いつも、なにかに追いかけられ、声を聞き、もがくしかできない。

どうすれば解放されるかなど、俺にもわからない。

抱き締められて抱き返した身体は少し、震えていた。テレビの画面に、海が映っている。

そいつは、どんな気分で観ているのだろう。

その蒼に何を、重ねているのだろう。


「……と、を、……て」


「なに?」


眠くなったのか、腕にぎゅうっと引っ付いてくる。
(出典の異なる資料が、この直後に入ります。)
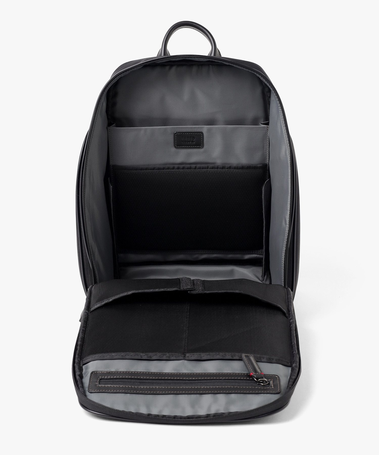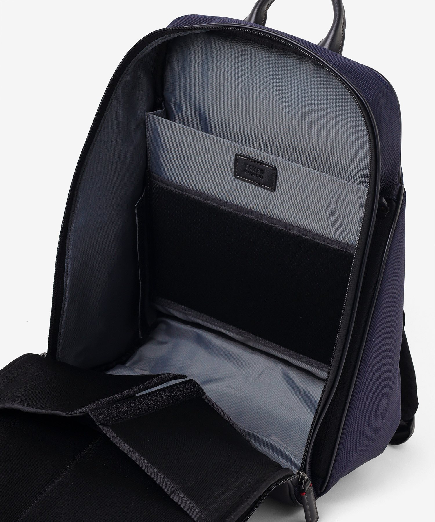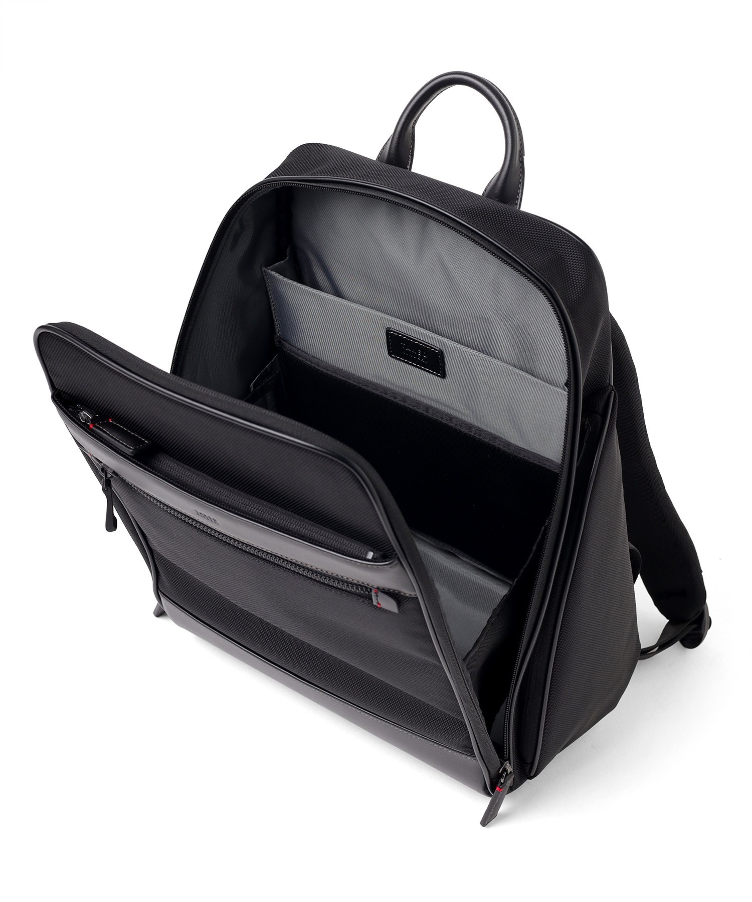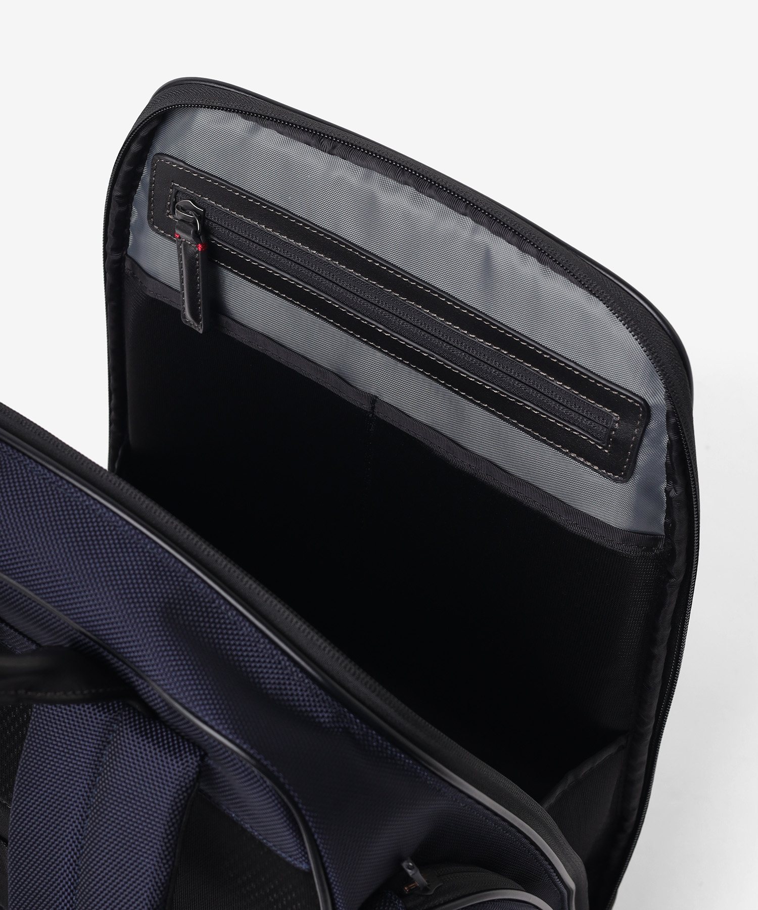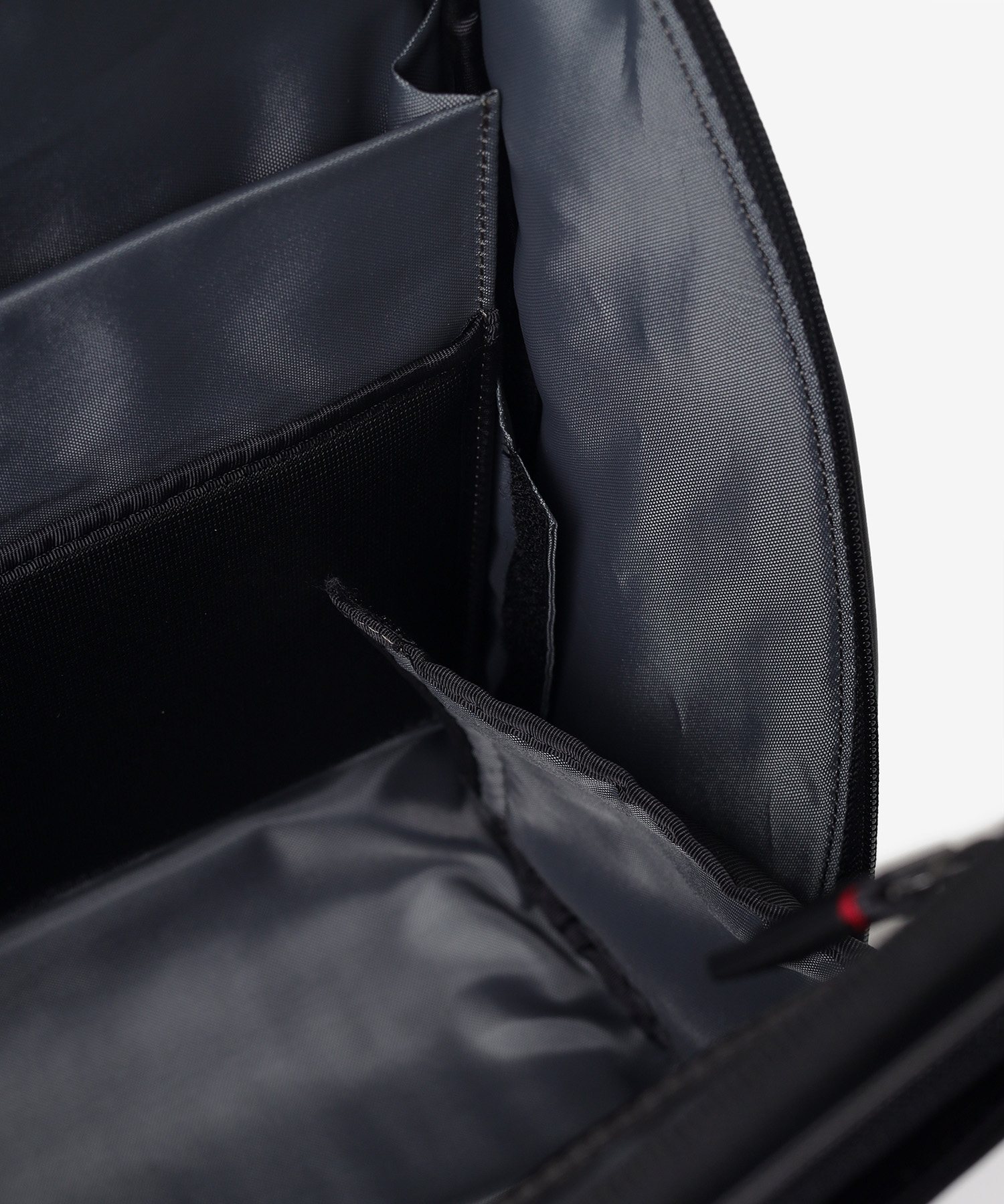 メインルームは、中身をパッと確認できる大きな開口部が特徴です。内側のベルクロを外せば、最大90度まで大きく開くことができる構造を採用しました。バッグの奥に収納した荷物もスムーズに取り出せるため、荷物整理の際のストレスを軽減します。移動中や会議前など、必要なものをサッと取り出したい場面でも、迷うことなくスマートにアクセス可能です。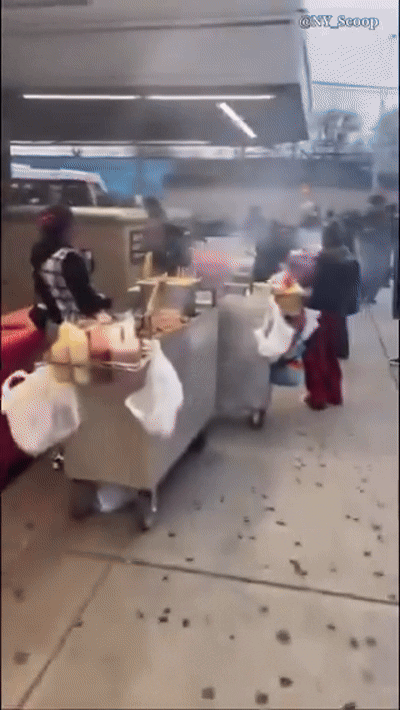 Two women can be seen trading blows as a man in a skullcap tips over her food cart. Ponytails were pulled, and all hell was about to break loose until a cops can be seen stepping in to restore some order.

そのままにしていたら、そいつは、そのまま目を閉じて寝息をたて始めた。

目の端からは、ゆっくりと涙が流れていた。

聞こえはしない何かを呟いていた。

















 なんの話だ?

寝てしまったら、記憶が読みづらいじゃないか。 諦めて、そいつを運ぶ。見た目よりもずっと軽かった。


「ん……」


唸りながらなにやら暴れている手足を握って落ち着かせて、ベッドにのせ、布団をかぶせた。


「ほら。ここで寝ろ」


そいつは、答えない。

離れて欲しくないのか、腕だけを伸ばしてくるので、きゅっと握ってやる。

『なかないで……』


寝言が聞こえる。泣いてるのはお前もだろう、と思いながらも、しばらくその横顔を見つめ、やがてテレビを振り返った。砂嵐が映っていた。放送、終わったのか。



 俺は海を見るのが好きだった。

……だった、というのは、つまり、そういうことだ。

海は、ときに見たくないものまで、見えてしまうようで、あまり近づかないようになったのは、ずいぶん前からだ。


 なんだか、やけに昔を思い出してしまう。

海の映像なんか、見たから。いや。それとも。


「なぁ――色」


答えはない。


「していい?」


「……」


寝顔に無理矢理口付ける。少し眉を寄せながらも、応えてくれた。

満足して、彼の横に滑り込み、布団に横たわる。